[Data entries]
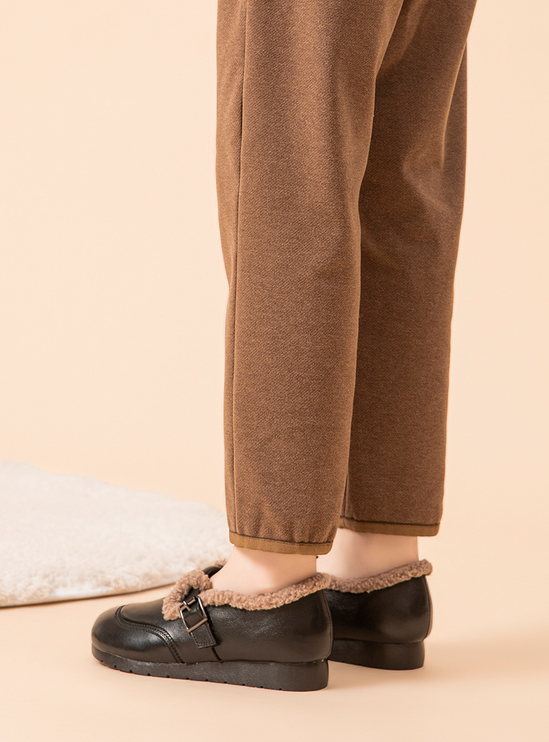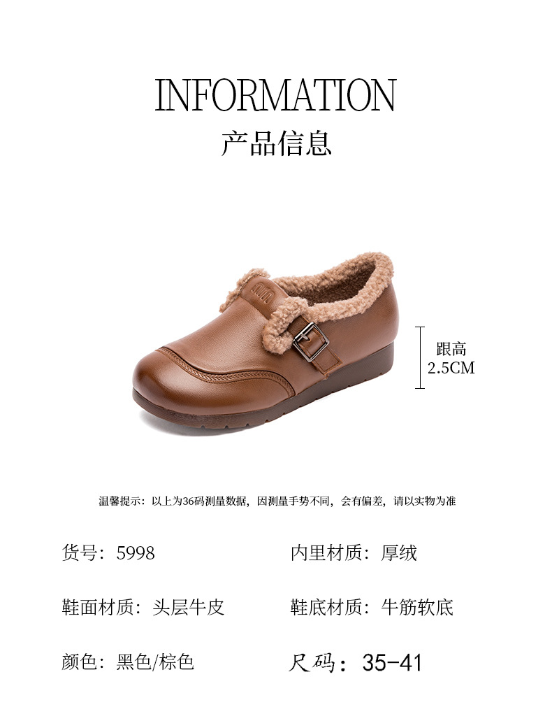 真皮毛毛鞋休闲羊羔毛平跟,牛筋底中老年妈妈加绒棉皮鞋MLD-5998
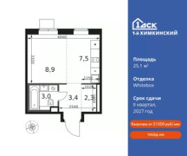Семейная ипотека без наценки со скидками до 21% до конца августа!Прямая продажа от застройщика! Жилой Комплекс класса Комфорт.Продаётся студия номер 424 общей площадью 25.1 кв.м на 11-м этаже 12 этажного дома. Отделка Whitebox.Особенности:- Квартира доступна к покупке в Trade-In.- Линейная планировка - максимальная функциональность и удобство.- Увеличенное число окон- Линейная кухня - функциональность и практичность в одном решении.- Стандартное количество квартир на этаже - оптимальный выбор для городской жизни.- Гардеробная - удобство для хранения и организации вещей.- Вид из окна на детский сад- Вид из окна: улица- Купи сейчас - плати потом!Квартира с предчистовой отделкой (White box). Вам не придётся заниматься черновыми трудоёмкими работами, а чистовую отделку и дизайн сделаете по своему вкусу.Расположение комплекса: Квартал класса комфорт плюс, где современное городское пространство граничит с удивительной природой вокруг. 1-й Химкинский расположен на территории в 102 га и органично вписан в природное окружение Химкинского леса и канала им. Москвы. В проекте предусмотрена богатая коммерческая инфраструктура с собственным торговым центром, общеобразовательные учреждения и социальные объекты. Изюминкой жилого комплекса будут спортивно-оздоровительный комплекс с термами и SPA и семейный парк развлечений.Транспортная доступность:ЖК ''1-й Химкинский'' дает возможность выбрать любой способ передвижения как до города, так и до самых разных объектов, которые могут представлять интерес для его жителей. Не важно, какой способ передвижения вы предпочитаете, успевать всегда и везде можно вне зависимости от выбора транспорта. - 8 мин. пешком (800 м) до остановки ''Золотая Арка''- 10 мин пешком (1 км) до остановки ''Поворот на Ивакино''Внутренняя инфраструктура:- Безопасность: закрытые дворы без машин, безбарьерная среда и сквозные подъезды, камеры на детских площадках с возможностью трансляции на смартфоне- Идеальный отдых в кругу семьи: семейный парк развлечений на территории, торговый центр (2-х этажный) общей площадью более 8 тыс. кв. м с фудкортом- Образование: 3 детских сада и современная муниципальная школа на 2450 мест- Спортивная среда: закольцованный веломаршрут с навигацией, спортивный комплекс с термами, закрытый тренажерный зал и зоны ворк-аута- Социальные объекты: поликлиника со станцией скорой помощи, пожарное депо- Подземный паркинг и кладовые помещения на -1 этаже, станция техобслуживания и автомойка на территории.
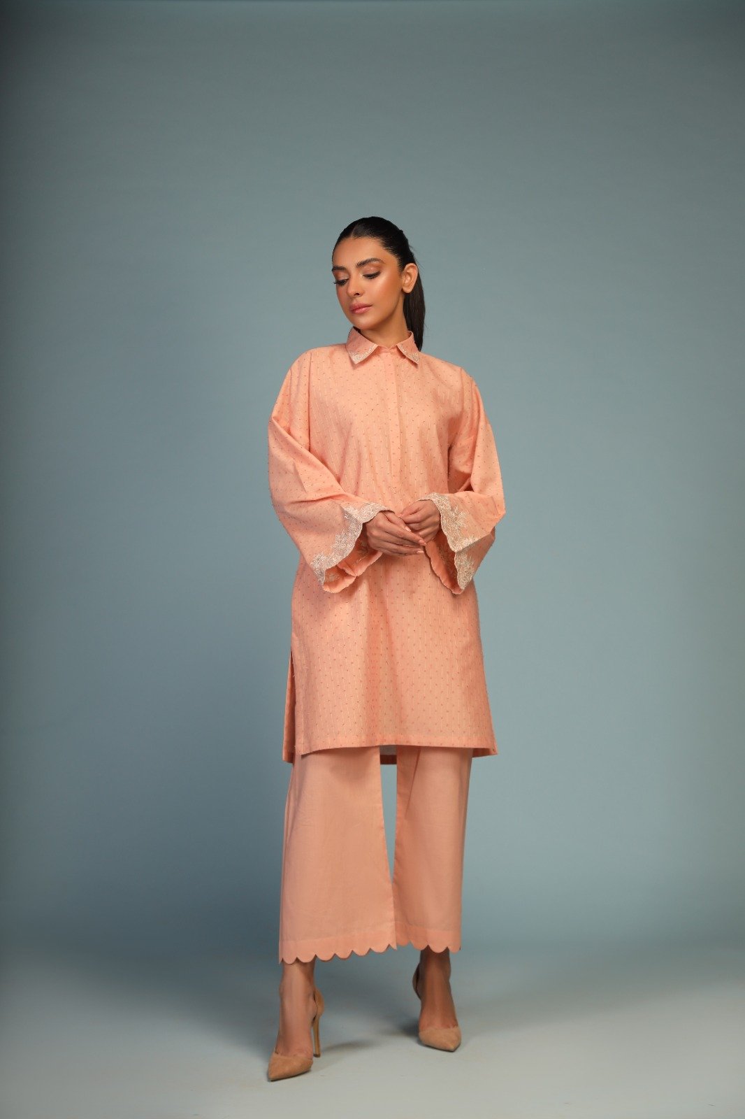 Discover our exquisite peach-coloured 2-piece, graced with stunning floral embroidery in an elegant off-white hue. The spread collar and bell-bottom sleeve edges are adorned with this intricate floral detailing, adding a touch of timeless beauty to the ensemble.
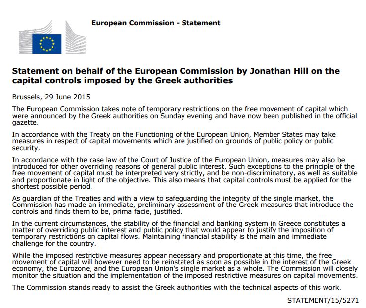 Ενώ τα επιβληθέντα περιοριστικά μέτρα εμφανίζονται αναγκαία και αναλογικά αυτή τη στιγμή, η ελεύθερη κίνηση κεφαλαίου ωστόσο θα χρειαστεί να αποκατασταθεί το συντομότερο δυνατό προς όφελος της ελληνικής οικονομίας, της ευρωζώνης, και της ενιαίας αγοράς της Ευρωπαϊκής Ένωσης στο σύνολό της. Η Κομισιόν θα παρακολουθεί στενά την κατάσταση και την εφαρμογή των επιβληθέντων περιοριστικών μέτρων σχετικά με τις κινήσεις κεφαλαίων.
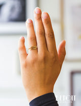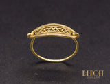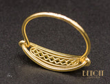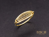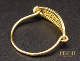 Ancien maillon de chaîne des années 1900 en or jaune 750/1000e ouvragé de filigrane, transformé en bague par nos soins. Anneau simple neuf en or jaune 750/1000e.

# [WORK TASK]
Copy every record character for character. Skip the pictures.

# [RESULT OF THE TASK]
 真皮毛毛鞋休闲羊羔毛平跟,牛筋底中老年妈妈加绒棉皮鞋MLD-5998
Семейная ипотека без наценки со скидками до 21% до конца августа!Прямая продажа от застройщика! Жилой Комплекс класса Комфорт.Продаётся студия номер 424 общей площадью 25.1 кв.м на 11-м этаже 12 этажного дома. Отделка Whitebox.Особенности:- Квартира доступна к покупке в Trade-In.- Линейная планировка - максимальная функциональность и удобство.- Увеличенное число окон- Линейная кухня - функциональность и практичность в одном решении.- Стандартное количество квартир на этаже - оптимальный выбор для городской жизни.- Гардеробная - удобство для хранения и организации вещей.- Вид из окна на детский сад- Вид из окна: улица- Купи сейчас - плати потом!Квартира с предчистовой отделкой (White box). Вам не придётся заниматься черновыми трудоёмкими работами, а чистовую отделку и дизайн сделаете по своему вкусу.Расположение комплекса: Квартал класса комфорт плюс, где современное городское пространство граничит с удивительной природой вокруг. 1-й Химкинский расположен на территории в 102 га и органично вписан в природное окружение Химкинского леса и канала им. Москвы. В проекте предусмотрена богатая коммерческая инфраструктура с собственным торговым центром, общеобразовательные учреждения и социальные объекты. Изюминкой жилого комплекса будут спортивно-оздоровительный комплекс с термами и SPA и семейный парк развлечений.Транспортная доступность:ЖК ''1-й Химкинский'' дает возможность выбрать любой способ передвижения как до города, так и до самых разных объектов, которые могут представлять интерес для его жителей. Не важно, какой способ передвижения вы предпочитаете, успевать всегда и везде можно вне зависимости от выбора транспорта. - 8 мин. пешком (800 м) до остановки ''Золотая Арка''- 10 мин пешком (1 км) до остановки ''Поворот на Ивакино''Внутренняя инфраструктура:- Безопасность: закрытые дворы без машин, безбарьерная среда и сквозные подъезды, камеры на детских площадках с возможностью трансляции на смартфоне- Идеальный отдых в кругу семьи: семейный парк развлечений на территории, торговый центр (2-х этажный) общей площадью более 8 тыс. кв. м с фудкортом- Образование: 3 детских сада и современная муниципальная школа на 2450 мест- Спортивная среда: закольцованный веломаршрут с навигацией, спортивный комплекс с термами, закрытый тренажерный зал и зоны ворк-аута- Социальные объекты: поликлиника со станцией скорой помощи, пожарное депо- Подземный паркинг и кладовые помещения на -1 этаже, станция техобслуживания и автомойка на территории.
 Discover our exquisite peach-coloured 2-piece, graced with stunning floral embroidery in an elegant off-white hue. The spread collar and bell-bottom sleeve edges are adorned with this intricate floral detailing, adding a touch of timeless beauty to the ensemble.
 Ενώ τα επιβληθέντα περιοριστικά μέτρα εμφανίζονται αναγκαία και αναλογικά αυτή τη στιγμή, η ελεύθερη κίνηση κεφαλαίου ωστόσο θα χρειαστεί να αποκατασταθεί το συντομότερο δυνατό προς όφελος της ελληνικής οικονομίας, της ευρωζώνης, και της ενιαίας αγοράς της Ευρωπαϊκής Ένωσης στο σύνολό της. Η Κομισιόν θα παρακολουθεί στενά την κατάσταση και την εφαρμογή των επιβληθέντων περιοριστικών μέτρων σχετικά με τις κινήσεις κεφαλαίων.
 Ancien maillon de chaîne des années 1900 en or jaune 750/1000e ouvragé de filigrane, transformé en bague par nos soins. Anneau simple neuf en or jaune 750/1000e.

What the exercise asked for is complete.